Fecho suavemente a porta deste mês que termina... Janeiro é o mês em branco em que acreditamos que tudo é possível... Mas foi o mês que me arrancou as palavras, me silenciou e me roubou a luz. Janeiro atirou-me para dentro de mim, da minha solidão, foi em janeiro que baixei a guarda e pesei abandonar a escrita para sempre. Porque às vezes não temos forças... E sentimos medo... Muito medo. Mas isto da escrita é como um vício, uma dependência agridoce difícil de abandonar, as palavras assaltam-me de sopetão, montam-me uma cilada e sufocam-me até que as liberte das grades que existem algures, cá dentro... Elas ganham, e eu rendo-me sempre.
Em janeiro percebi que está tão longe o meu sonho azul de comprar um moinho, não um moinho qualquer, é aquele moinho velho que se ergue sobre as dunas claras à saída da curva apertada de uma solitária estrada de paralelos... De lá de cima vê-se o mar e ao entardecer o sol aninha-se meigamente para morrer nos céus incendiados... O mundo é um lugar mais belo visto das janelas do meu moinho de pedra...

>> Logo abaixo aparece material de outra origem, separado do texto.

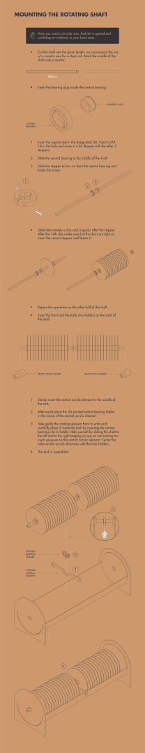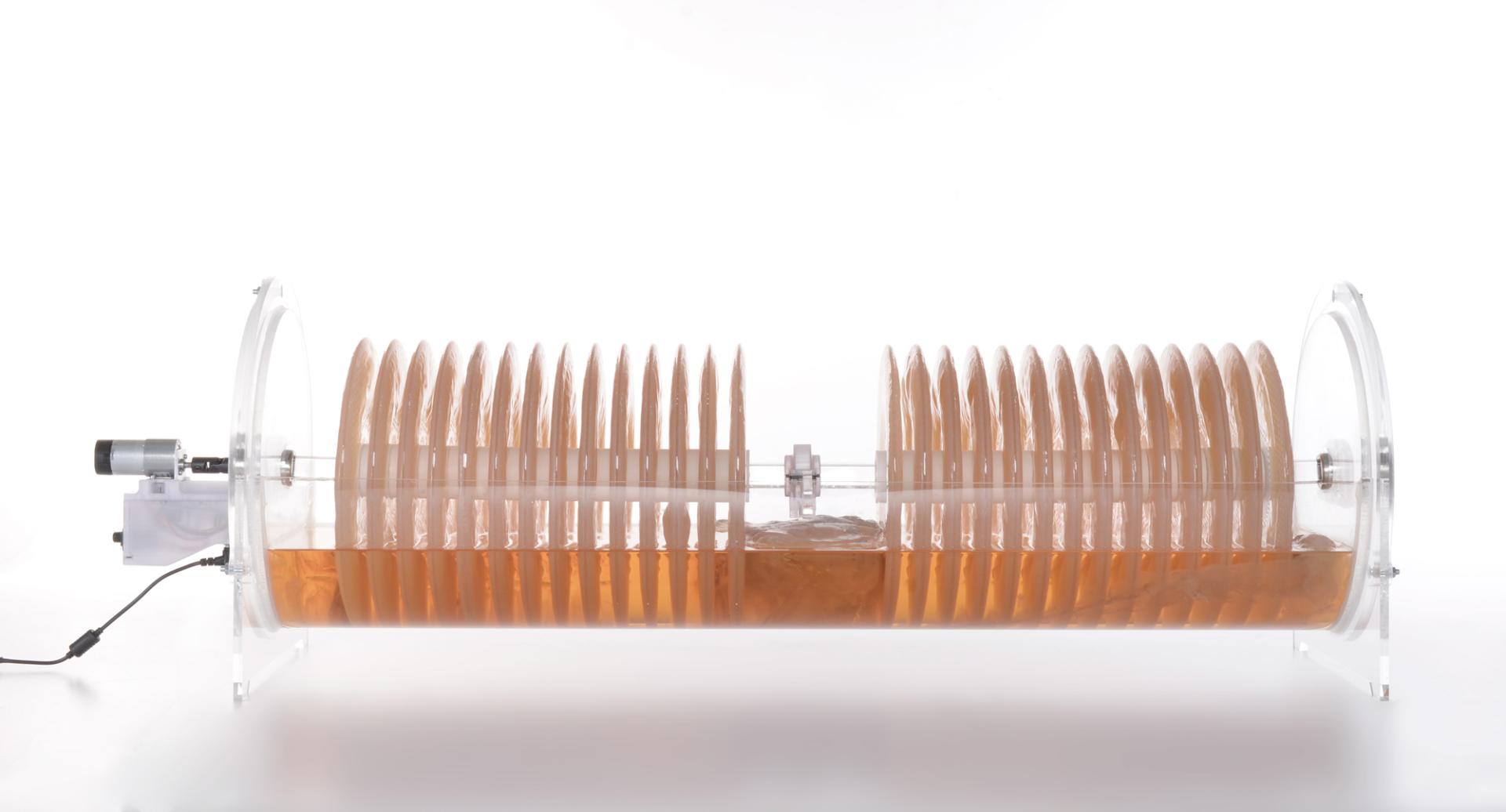 As global interest and acknowledging MC’s potential, the need for efficient and optimized production and cultivation methods becomes more acute. The most common production method is currently based on static fermentation: nourishing liquid and a SCOBY are inserted in a static tank for the duration of the fermentation cycle (7-21 days) after which the jelly which develops on the top surface is harvested. However, this method is highly laborious and requires a large cultivation surface. Instead, scientists have identified another method called ‘rotating disk bioreactor’. It is made of an array of disks mounted on a rotating shaft immersed into the nourishing liquid. In this way MC grows directly on the disks optimizing the volume as well as the oxygenation stimulating the growth. Moreover, monitoring and adjusting the fermentation is easier. Based on this principle, the InnoCell design team developed the InnoCell Bioreactor (IB) consisting of a module that is open-source in order to be reproducible by anyone and adaptable to smaller and bigger production scales. The IB is made of accessible materials and components that enable anyone interested to make one own and use it to produce MC extending circular aims on social levels. People would in this way, have the access and possibility to use byproducts to grow food or materials and to further experiment. MicroCell aims at finalizing the open-source website providing all the guidelines and instructions to make the IB. Moreover, Fablabs would be contacted in order to introduce the potential of making DIY compostable materials with own IB in order to serve as physical accessible platforms fostering knowledge democratization. In this way, citizens would be empowered to reproduce and/or iterate and adapt IB modules, to know MC substances and potentially initiate new projects. Also, InnoCell partners in other EU countries, local corporations and consortia will be invited to consider implementation scenarios based on IB.

Neste longo janeiro, rezei para que um cirurgião fosse guiado pela mão de Deus e pusesse novo o coração dentro do peito de uma pessoa que amo muito... Ela sobreviveu. Eu também. Só por isso, janeiro valeu a pena.
Faço as pazes com os dias... Impossível não ver a luz inesquecível que brilha no fundo deste janeiro que termina.